Treading the Course: Reflections on Mapping, Belonging, and the Magic of State of the Map US

During a scavenger hunt, two years ago, I knew State of the Map US — the annual conference for the OpenStreetMap (OSM) community — was my favorite conference. My scavenger group was called Alley Cats. The OpenStreetMap US team crafts these scavenger hunts with locals in every city SOTM US takes part in. It was a hot summer evening in Richmond, and we walked, speed-walked, and ran to different spots as the sun was setting. In that group, I met Ariel and Harrison — fellow New Yorkers and active OSMers — whom I’ve loved seeing year after year at SOTM US; I now get to serve on the board with Harrison.

We were # 001!
Zhi is in a maroon shirt and glasses stands outdoors beside dense greenery, holding up a smartphone to take a Mapillary footage near an overpass.
Zhi shows me Mapillary for the first time in 2023!

Conversations ping-ponged as we moved through the city. I learned how Ariel and Harrison met, and chatted with Zhi Keng, my friend and coworker at the time, and Charles, a doctoral student in Germany with a background in urban planning and geoinformatics. Somehow, we ended up deep in conversation about Mayor Bill de Blasio’s 2018 plan to improve diversity at New York City’s specialized high schools — expanding the Discovery Program and phasing out the SHSAT as the sole admissions criterion. We discussed how some Asian American parent groups were against the bill, worrying that their kids who had historically gained access to these elite schools through the SHSAT would lose access to an opportunity they had long relied on. One person was strongly in support of the bill, while another chimed in with empathy for the parents, acknowledging how, after spending so much money and energy on test prep, it could feel like all that effort was being thrown away.

I am not new to the pressure of using individual education as a socioeconomic ladder up, as an Asian American or an American in general, but my stance is that our liberation is bound together. If my liberation comes at the expense of yours, it is not liberation. It was a powerful conversation on racism among marginalized groups, and how some communities — including my own — can be positioned as a wedge against Black and Brown students’ access to education. It was a real conversation: open, respectful, and willing to peel back the layers of what shapes our communities. These are the kinds of magical moments that make State of the Map US my favorite conference. 

For the three years I’ve gone, I’ve seen more diverse voices represented. The openness, the willingness to listen, to go deep, to think collectively — those traits have stayed true across everyone I’ve met. State of the Map US has these sweet, easy-to-miss, kind of interpersonal moments. And they always stand out to me.

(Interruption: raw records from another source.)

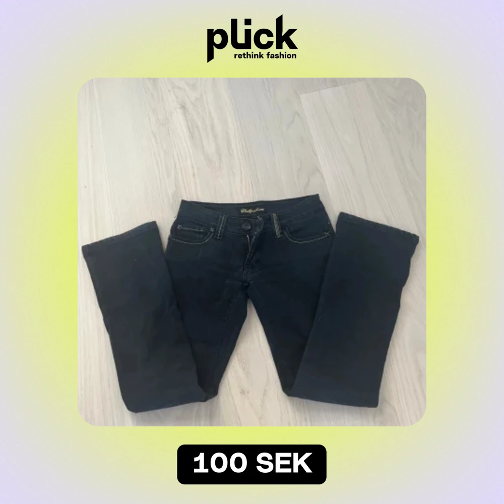 Svarta jeans med coola detaljer, säljer då de är för små för mig. Midjemått: 34cm och innerbenslängd: 71cm💗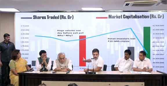 اسٹاک مارکیٹ میں سرمایہ کاروں کا 30 لاکھ کروڑ کا نقصان، جے پی سی تحقیقات کرے: راہل گاندھی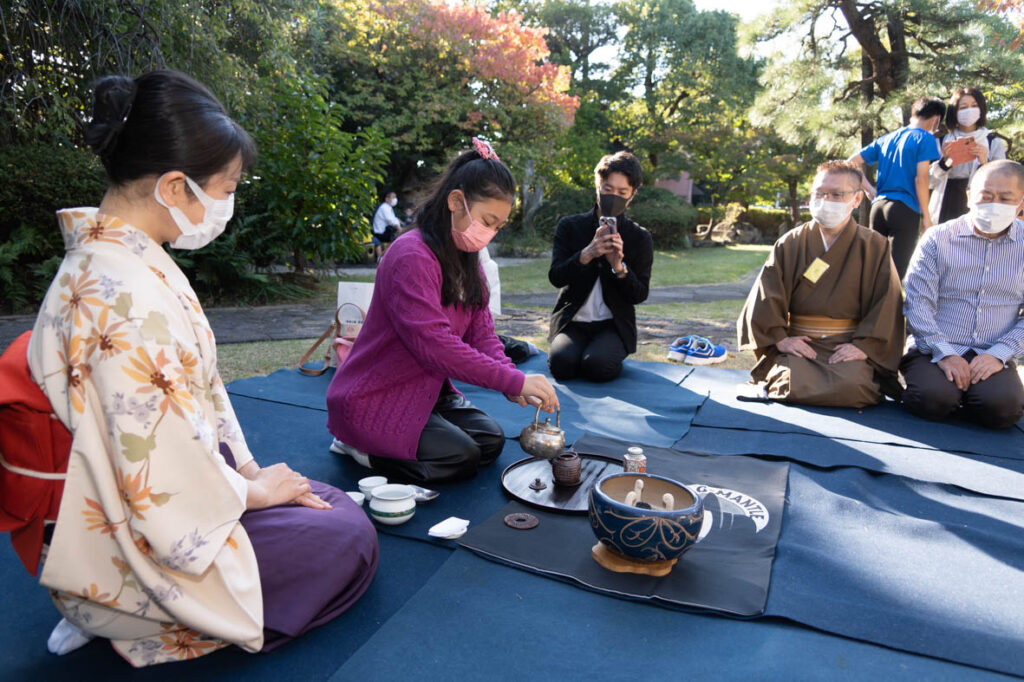 小春日和な陽射しのもと、美味しいお茶になるようにと心をこめてお点前をして淹れたお茶。お客様に「ご名煎です!」とお褒めの言葉をかけてもらい、はにかんでいる姿が印象的でした。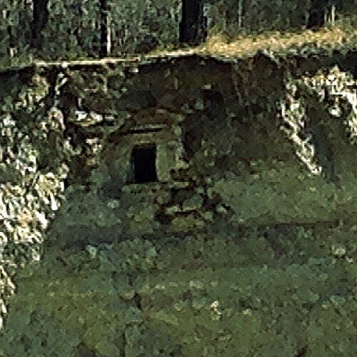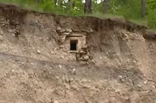 В 2014 году появилась коротенькая информация о находке в горах Ингушетии, в Джейрахском районе то ли гробницы, то ли пещеры... При дорожно-строительных работах сверху осыпался скальный грунт и обнажился вход в неизвестное помещение, подняться куда можно было только с помощью альпинистского снаряжения... В скудной информации высказывалась версия, что это, якобы, захоронение Царицы Тамары... Судя по очень редким фото вход и стены выложены ровными, отлично обработанными плитами, видно, что работа проведена тщательная и солидная... Предположено, что возраст "захоронения" 5-6 век, но что-то слабо верится... Ведь эта "пещера" практически была погребена в стене ущелья и возраст тут может быть любой - и 10 000, и 100 000 лет... На фото ниже, можно рассмотреть деревья над "пещерой" и довольно большой слой земли, а если присмотреться, то ниже видны две горизонтальные полосы, ооочень похожие на основание или фундамент, чего? Здания?! Тогда это не пещера, а какое то погребённое неизвестно когда сооружение ?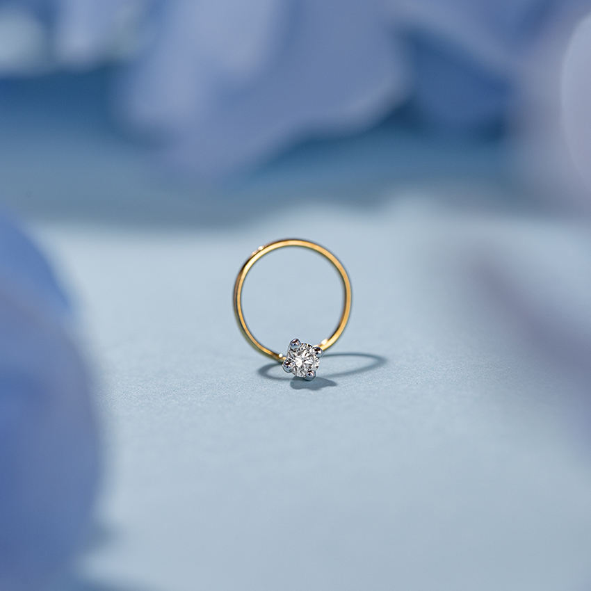 Anillo de Nariz de diamante cultivado en laboratorio solitario personalizado 14K oro amarillo joyería nupcial tradicional precio de fábrica Diamante de corte redondo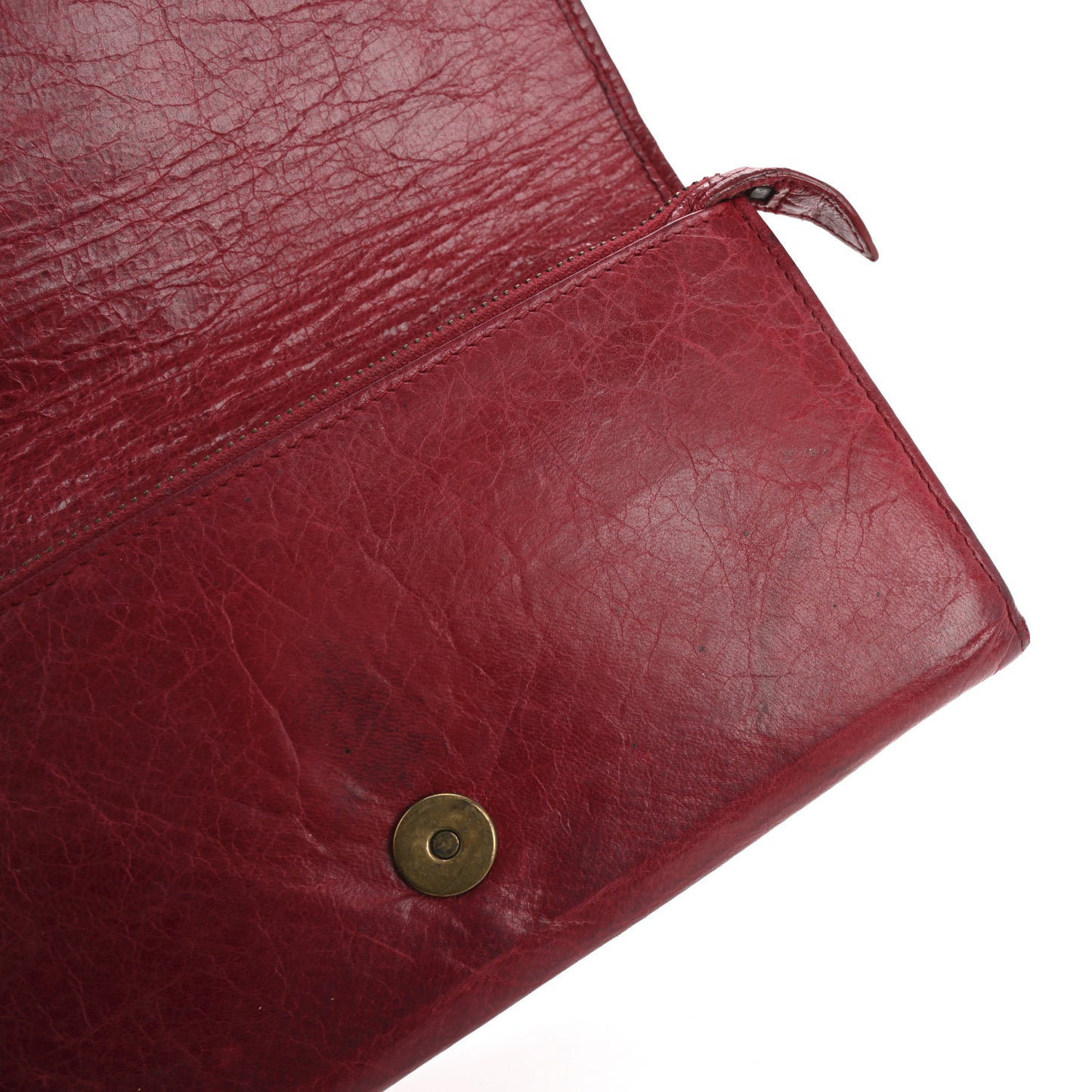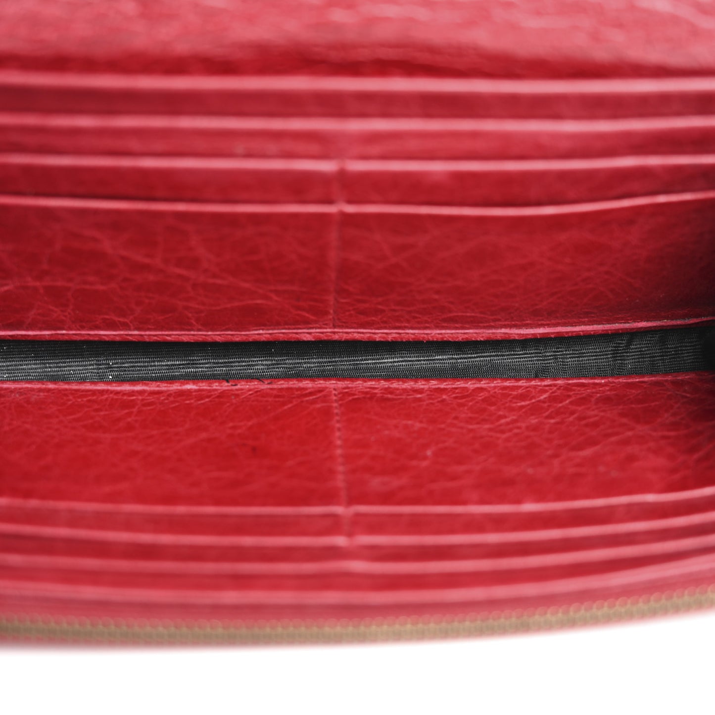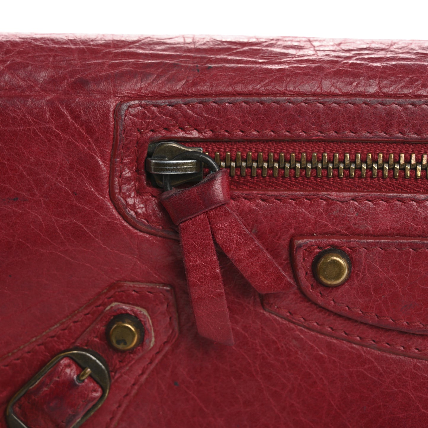 This is an authentic BALENCIAGA Agneau Gold Hardware Continental Zip Around Wallet in Rose Thulian. This chic wallet is finely crafted of lambskin leather in dark pink. The wallet has features of the classic Balenciaga totes, including belts and patches with gold hardware including buckles, studs, and a signature zipper. The front flap opens to a partitioned leather and fabric interior with card slots, patch pockets, and a zipper compartment.Follow this item for alerts. Balenciaga is a registered trademark of Balenciaga. FASHIONPHILE is not affiliated with Balenciaga.

We’re doing so much more than just mapping.

Tracing the Lines Between Us

The BetaNYC team caught a 5 AM train from New York—delirious, undercaffeinated, and excited for the magic of State of the Map US. We came to represent BetaNYC’s Mapping for Equity, a community project that helps people map what’s missing in their neighborhoods and use that data for advocacy. It puts public data back in public hands–something people can shape and build power with. Dimitri and I started at BetaNYC at around the same time and have grown the Mapping for Equity Project from the ground up. Naeema joined soon after as one of our first fellows to learn OSM and now serves as an integral part of teaching our students and capturing Mapillary footage as well.

A narrow urban alleyway lined with red brick buildings, parked vehicles, and green trash bins, with external fire escapes and a clear blue sky overhead.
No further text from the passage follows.